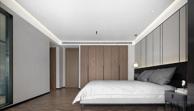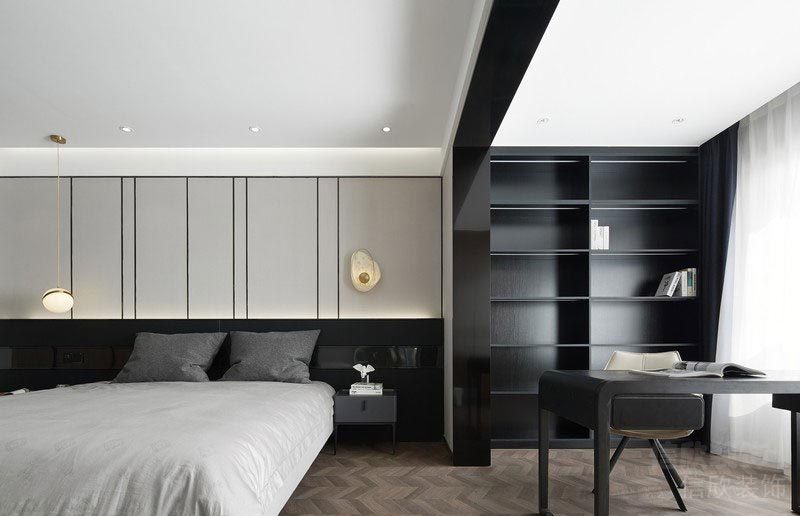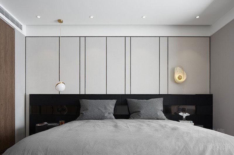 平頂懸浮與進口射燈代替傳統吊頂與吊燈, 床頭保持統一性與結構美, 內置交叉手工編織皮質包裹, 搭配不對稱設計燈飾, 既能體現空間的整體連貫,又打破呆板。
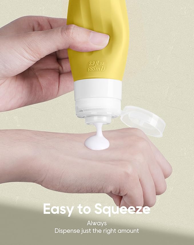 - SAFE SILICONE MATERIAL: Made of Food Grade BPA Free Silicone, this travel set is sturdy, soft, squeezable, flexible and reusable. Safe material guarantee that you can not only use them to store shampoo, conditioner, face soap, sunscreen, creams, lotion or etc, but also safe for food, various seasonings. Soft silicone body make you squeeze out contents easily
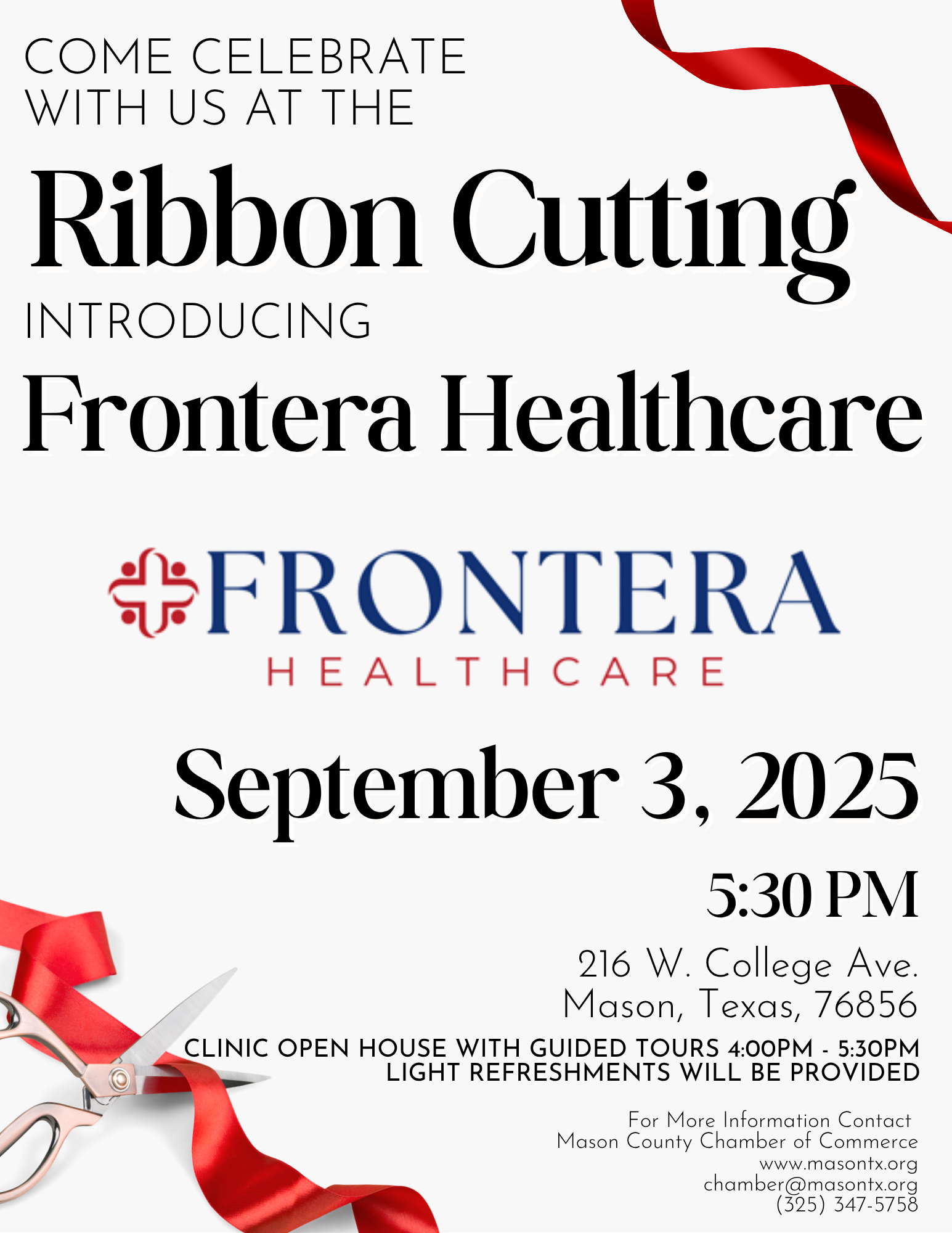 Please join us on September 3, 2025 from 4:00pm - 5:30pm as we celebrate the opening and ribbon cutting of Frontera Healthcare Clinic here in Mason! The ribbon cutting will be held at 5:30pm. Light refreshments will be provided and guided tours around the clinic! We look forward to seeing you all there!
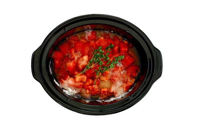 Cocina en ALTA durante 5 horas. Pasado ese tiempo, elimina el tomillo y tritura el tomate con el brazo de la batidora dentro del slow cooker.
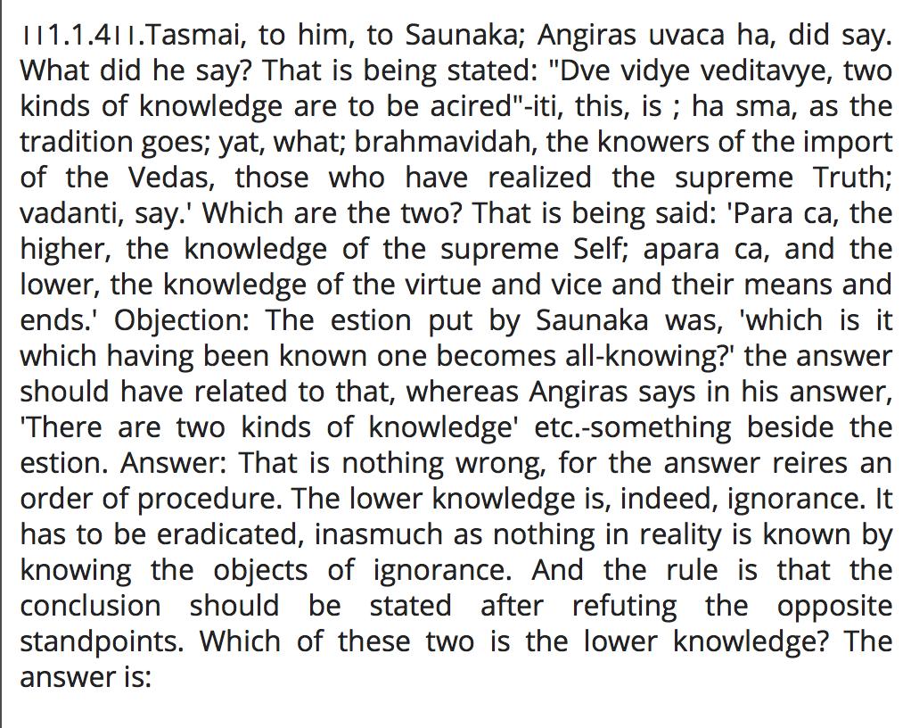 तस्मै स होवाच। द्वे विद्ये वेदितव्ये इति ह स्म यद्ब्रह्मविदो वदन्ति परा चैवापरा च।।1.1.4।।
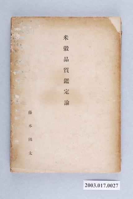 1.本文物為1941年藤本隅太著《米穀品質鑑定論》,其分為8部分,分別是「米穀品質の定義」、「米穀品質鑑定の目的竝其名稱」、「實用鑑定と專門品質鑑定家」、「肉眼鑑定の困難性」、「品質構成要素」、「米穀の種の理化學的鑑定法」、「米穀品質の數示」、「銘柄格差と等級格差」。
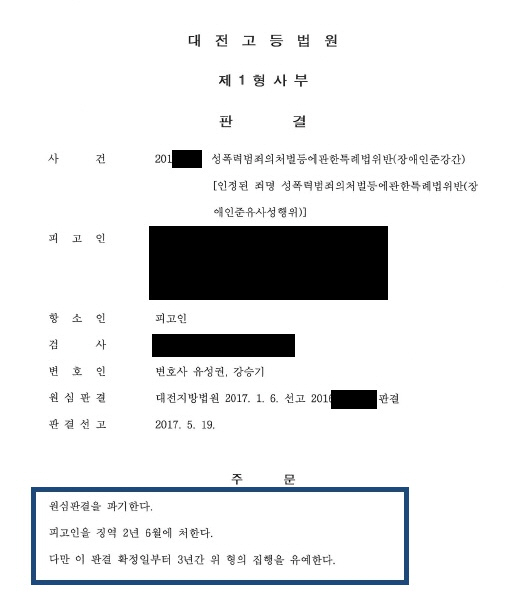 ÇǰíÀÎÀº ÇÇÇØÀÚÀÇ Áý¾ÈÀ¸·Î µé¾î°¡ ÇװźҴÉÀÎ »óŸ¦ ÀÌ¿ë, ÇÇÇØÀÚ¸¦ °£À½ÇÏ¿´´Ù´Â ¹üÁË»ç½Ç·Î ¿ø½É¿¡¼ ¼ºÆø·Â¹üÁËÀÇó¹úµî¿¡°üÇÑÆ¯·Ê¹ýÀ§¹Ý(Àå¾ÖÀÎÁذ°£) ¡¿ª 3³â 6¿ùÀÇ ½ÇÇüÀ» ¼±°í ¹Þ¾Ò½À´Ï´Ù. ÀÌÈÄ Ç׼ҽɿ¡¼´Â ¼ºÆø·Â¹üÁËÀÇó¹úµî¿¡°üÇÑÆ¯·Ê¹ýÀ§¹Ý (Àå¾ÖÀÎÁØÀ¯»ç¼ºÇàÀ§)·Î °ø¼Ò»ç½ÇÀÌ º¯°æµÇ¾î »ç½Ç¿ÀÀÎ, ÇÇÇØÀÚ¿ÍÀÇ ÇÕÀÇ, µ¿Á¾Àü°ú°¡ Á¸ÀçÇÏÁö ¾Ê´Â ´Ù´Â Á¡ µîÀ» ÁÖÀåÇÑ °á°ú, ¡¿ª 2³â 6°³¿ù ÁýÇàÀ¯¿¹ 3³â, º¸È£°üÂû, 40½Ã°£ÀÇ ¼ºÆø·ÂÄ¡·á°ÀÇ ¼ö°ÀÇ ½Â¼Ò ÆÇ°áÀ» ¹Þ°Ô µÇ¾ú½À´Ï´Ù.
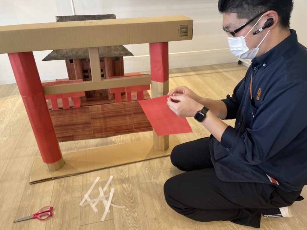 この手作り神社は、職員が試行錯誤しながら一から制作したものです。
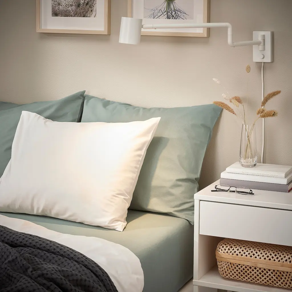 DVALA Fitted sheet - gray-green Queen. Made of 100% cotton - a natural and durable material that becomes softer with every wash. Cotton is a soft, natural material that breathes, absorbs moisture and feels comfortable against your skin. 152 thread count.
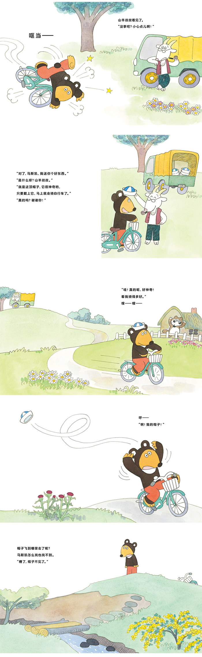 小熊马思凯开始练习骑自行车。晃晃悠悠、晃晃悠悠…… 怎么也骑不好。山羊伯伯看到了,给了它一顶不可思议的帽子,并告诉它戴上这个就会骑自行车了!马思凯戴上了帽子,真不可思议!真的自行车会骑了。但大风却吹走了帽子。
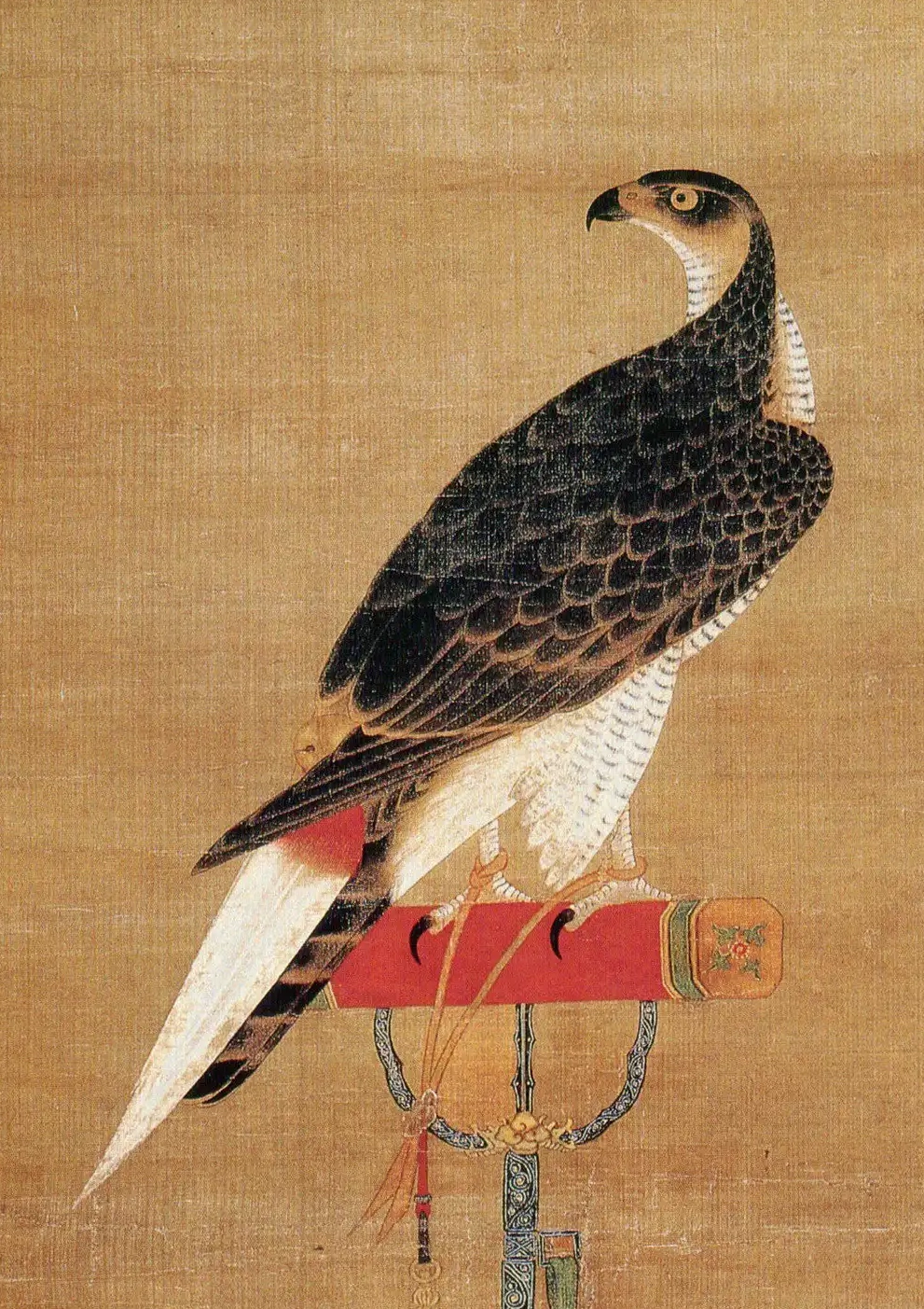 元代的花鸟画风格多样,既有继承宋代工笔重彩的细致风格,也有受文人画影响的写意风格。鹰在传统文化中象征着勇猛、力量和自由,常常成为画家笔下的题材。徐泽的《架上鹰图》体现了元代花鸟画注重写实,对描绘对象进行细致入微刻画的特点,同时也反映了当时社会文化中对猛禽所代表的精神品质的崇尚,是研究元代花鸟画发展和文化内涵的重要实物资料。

::::

- [ACTIVITY]: Begin at the first line of the records. Print every line through the one containing "Please join us" exactly, but skip the pictures.

- [ANSWER BELOW]:
 平頂懸浮與進口射燈代替傳統吊頂與吊燈, 床頭保持統一性與結構美, 內置交叉手工編織皮質包裹, 搭配不對稱設計燈飾, 既能體現空間的整體連貫,又打破呆板。
 - SAFE SILICONE MATERIAL: Made of Food Grade BPA Free Silicone, this travel set is sturdy, soft, squeezable, flexible and reusable. Safe material guarantee that you can not only use them to store shampoo, conditioner, face soap, sunscreen, creams, lotion or etc, but also safe for food, various seasonings. Soft silicone body make you squeeze out contents easily
 Please join us on September 3, 2025 from 4:00pm - 5:30pm as we celebrate the opening and ribbon cutting of Frontera Healthcare Clinic here in Mason! The ribbon cutting will be held at 5:30pm. Light refreshments will be provided and guided tours around the clinic! We look forward to seeing you all there!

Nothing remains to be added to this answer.